Transplant success depends on preventing recipient alloresponse due to differences in major histocompatibility antigens of the transplanted organ, mainly the HLA system. The alloresponse will be more intense the greater the difference between donors and recipients. 

Most available immunosuppressants can induce graft acceptance, but are generally ineffective on alloantibody-producing plasma cells.

TECHNIQUE SELECTION

The objectives of most techniques used are:

1.            Evaluate the incompatibilities the recipient will detect in the donor cells.

2.            Identify the presence in the recipient of alloantibodies against HLA polymorphisms of potential donors.

3.            Identify whether recipient alloantibodies react against polymorphisms expressed in the proposed donor.

4.            Identify the type of immunoglobulin (IgM or IgG) and target (HLA-I, HLA-II, or no HLA).

The different techniques for identifying alloantibodies are mostly similar, however the targets for each technique are different (viable cells or purified HLA antigens). The techniques use different methods (cytotoxic capacity or IgG markers), have different levels of sensitivity and are interfered with by different elements (see Appendix 1).

In practice, each method serves to predict different events and/or has different prognostic values. It is the joint evaluation of different tests that enables actual risk assessment.

In each technique, one should consider the type of event to be predicted and the positive predictive value (PPV) or negative predictive value (NPV) of its result.

There are few prospective studies that assess the prognostic values of the most recently introduced tests regarding well-defined clinical events. Their assessment with respect to reference techniques may lead to some confusion because the new techniques may offer greater sensitivity. Everything indicates that this increase in sensitivity does not have the same prognostic value as the reference technique (for example, cytotoxicity) and may also predict different events than those of this reference technique.
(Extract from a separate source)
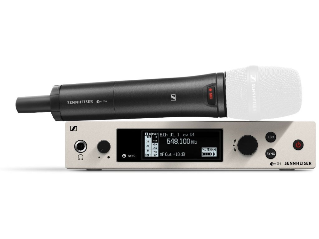 ew 300 G4-SKM (BASE) to bezprzewodowy zestaw z nadajnikiem ręcznym bez głowicy mikrofonowej. Nadajnik ręczny SKM 300 G4-S z przyciskiem MUTE i stykami ładowania można połączyć z dowolną głowicą mikrofonową. Podobnie jak odbiornik rackowy EM 300 G4, jest wyposażony w dwadzieścia jeden grup częstotliwości z dwudziestoma czterema bezpośrednio dostępnymi ustawieniami wstępnymi do natychmiastowego użycia.

The choice of techniques should be based on the clinical usefulness of the information provided. However, the economic cost and logistical and staffing difficulties should also be considered, avoiding unnecessary use of resources whenever possible.

To ensure efficiency and reliability of the tests, the laboratory must continuously monitor its processes and results. Monitoring is guaranteed by the accreditation of processes and quality control of results, evaluated by external organisations of experts on histocompatibility (for example, the accreditation programme of the European Federation for Immunogenetics [EFI] and the American Society for Histocompatibility and Immunogenetics [ASHI]).

INDICATION AND INTERPRETATION OF THE VARIOUS TESTS IN LIVING-DONOR TRANSPLANTATION

The selection process for a donor who is immunologically compatible with a kidney recipient is gradual. The procedure to be followed will be based on the test results (Figure 1).

First phase of the pre-transplant study

HLA typing of recipients and potential donors

Recipients and donors should be typed at least for HLA-A, HLA-B and HLA-DRB1 at the antigen level (first two or three digits). DNA-based HLA-typing techniques for DNA are highly recommended for their reliability and reproducibility. For HLA-A and HLA-B typing, serology may be acceptable.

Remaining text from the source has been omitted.